To suppress the growth of dendrites, Ahmad and his colleagues researched potential solid electrolytes, which unlike liquid electrolytes, are not flammable. Not only did they decipher what properties the solid electrolyte requires, they also needed to analyze thousands of possible solid materials, which would have taken years using traditional experimental methods.
“We had 13,000 inorganic crystalline materials to screen over for the solid electrolyte,” Ahmad said. “It was hard to just calculate the properties of each solid electrolyte separately because it’s very computationally expensive. We used machine learning because it can work on large data scales, to find out the properties of solid electrolytes.”
Due to the range of data availability, Ahmad and Xie used a variety of machine learning models. For cases with sufficient existing data that can be used for training the model, they used a graph convolutional neural network model to predict the properties of inorganic crystalline solid electrolytes. In cases where there wasn’t sufficient training data, they used linear regression with regularization, which is more suitable for low data problems.
“We tested all these materials for design criteria or solid electrolytes,” Ahmad said. “Our solid electrolytes should suppress dendrite growth at the lithium metal anode and be electronically insulating. They should be stable—they should not decompose spontaneously at room temperature.

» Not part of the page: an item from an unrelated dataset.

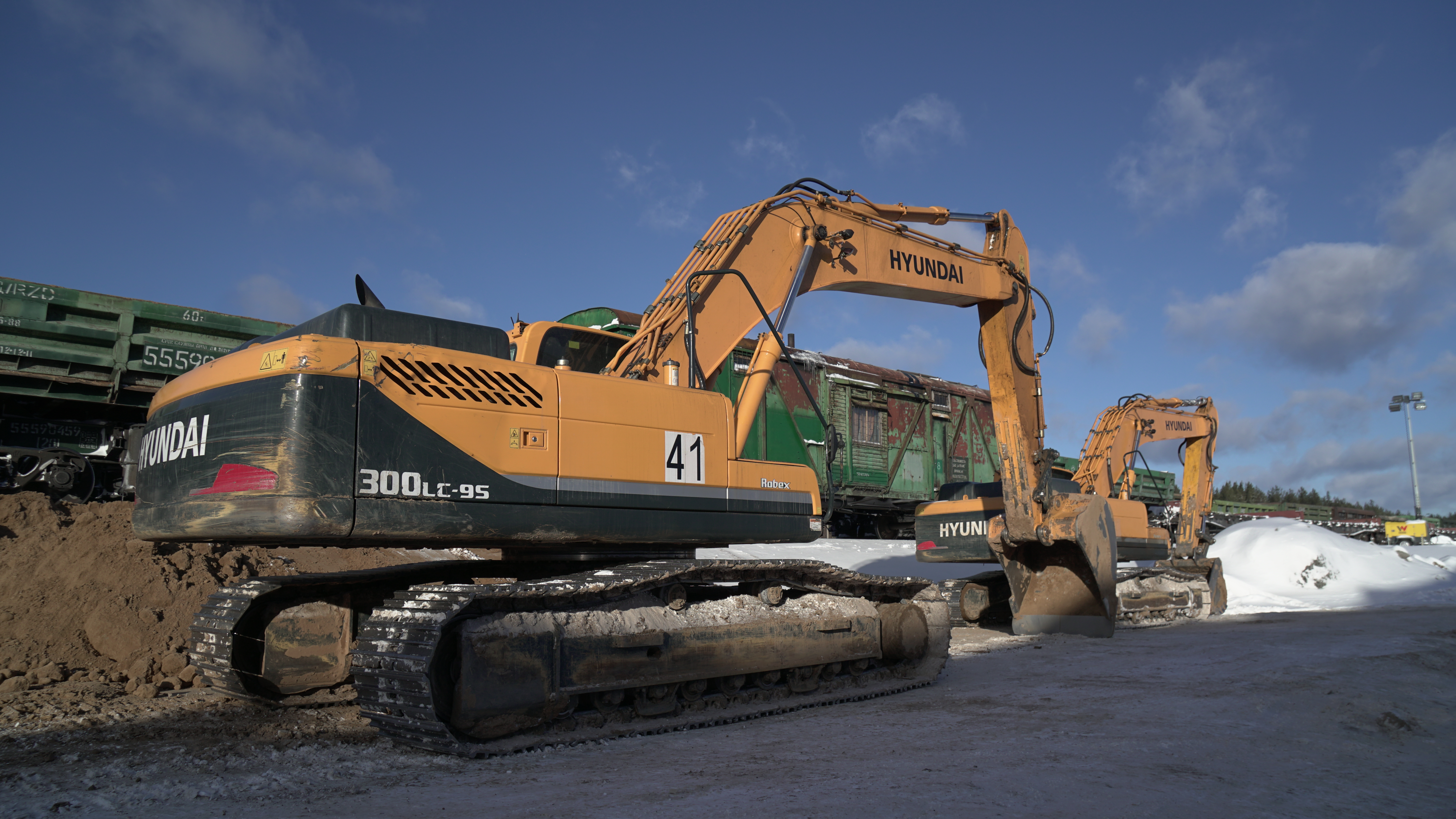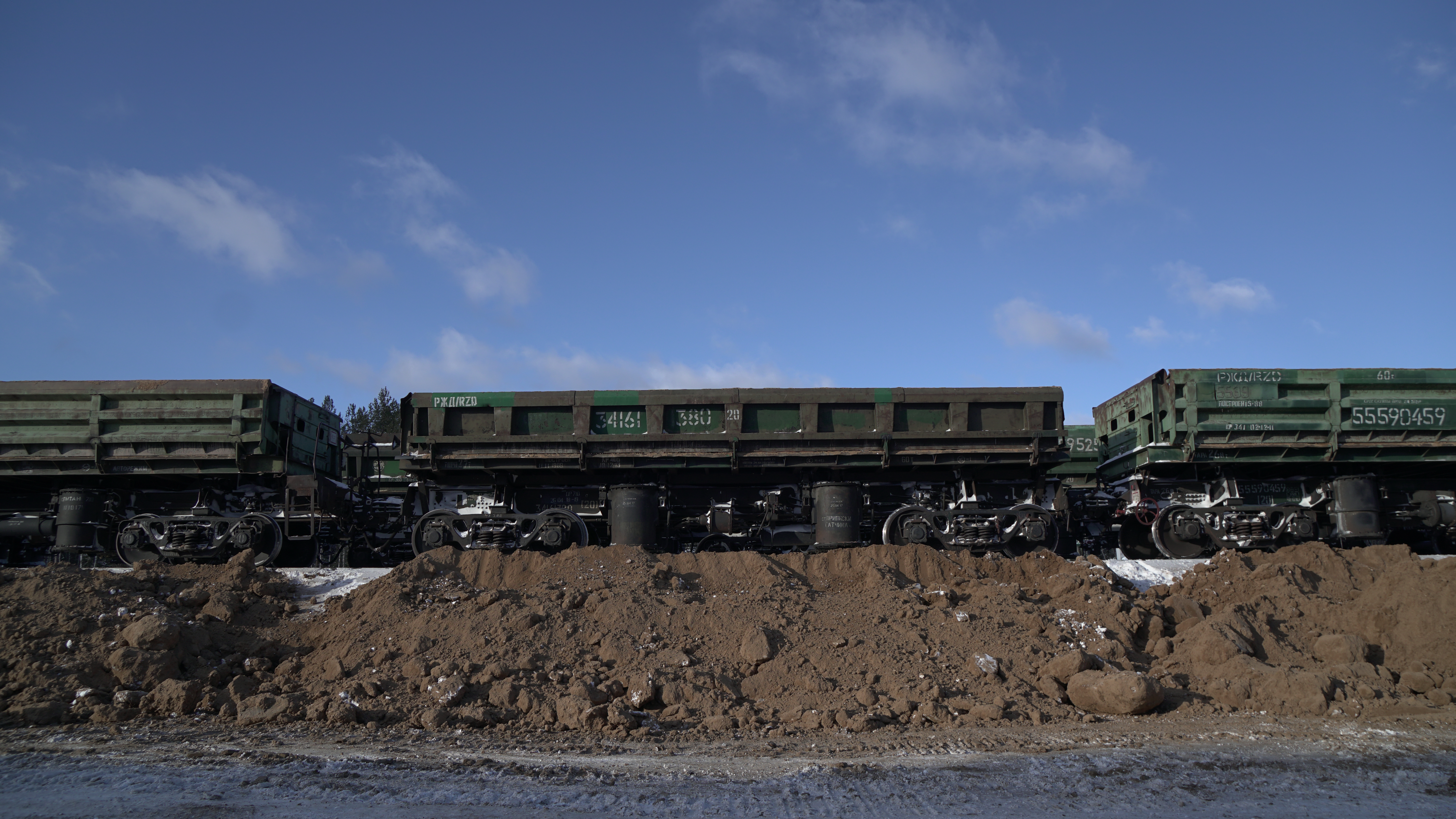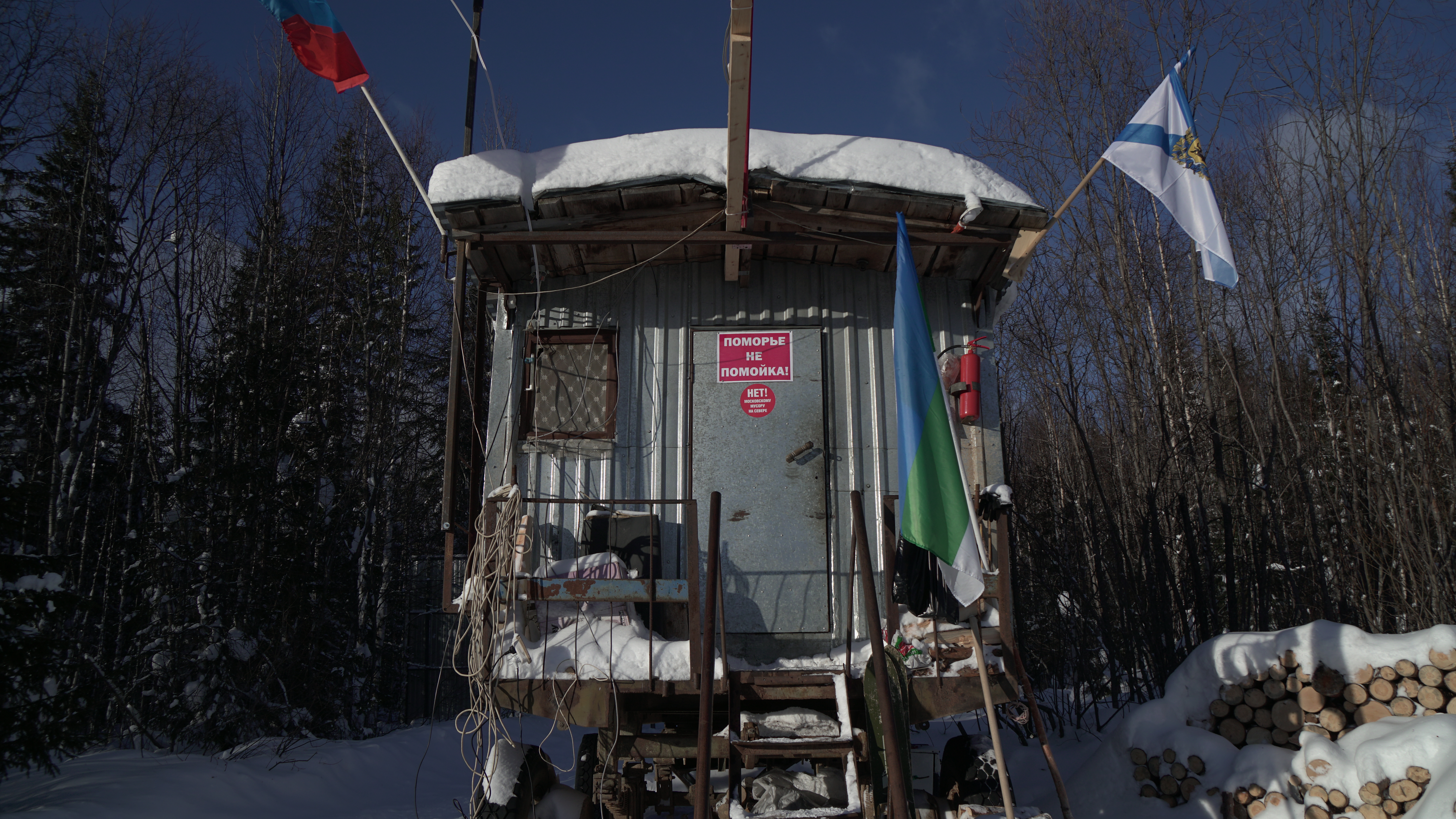 За пару дней до приезда комиссии вокруг стройки начали возводить шестиметровый железный забор. На нем тут же появилась надпись "Путин, останови стройку!". Жители соседней Урдомы и волонтеры, которые поселились в фургоне рядом со стройкой и круглосуточно фиксируют нарушения, говорят, что не знают, кто написал воззвание. Забор отделяет фургон волонтеров от дороги, ведущей к стройке мусорного полигона. Для членов комиссии и журналистов ворота открывают, и в этот момент из-за облаков выходит солнце и заливает все светом. Веселые оранжевые экскаваторы выгружают песок из вагонов, снег искрится. Но активисты знают: двумя днями ранее один из экскаваторов провалился в грунт.

They should conduct ions very fast to achieve a high power density of the battery required for fast charging.”
After analyzing the solids, they found six possible materials that could be used as solid electrolytes, belonging to the sulfide, iodide, and borohydride classes.
“We are very excited to apply our machine learning framework to important materials problems, which is why the collaboration with the CMU team has been so rewarding,” Xie said. “Finding six potential solid electrolytes in such a short time shows the possibility of accelerating material discovery drastically with machine learning tools.”
Now, Ahmad is working on circumventing the fundamental tradeoff between solids and liquids: liquids generally have high ionic conductivity, and very few solids that have a comparable level of conductivity are also stable enough to be used as electrolytes. Ahmad is researching the potential of composite electrolytes, combining multiple solids with different desired properties.
“We are looking into composite electrolytes, but the problem is that generally we do not have sufficient data to use machine learning,” Ahmad said. “So we are trying to address this problem through first principles methods—we use density functional theory and molecular dynamics to predict the properties. Once we do it for, let’s say, five materials, we can find out certain design principles, and then we can try to use those design principles to help us screen through other composites.”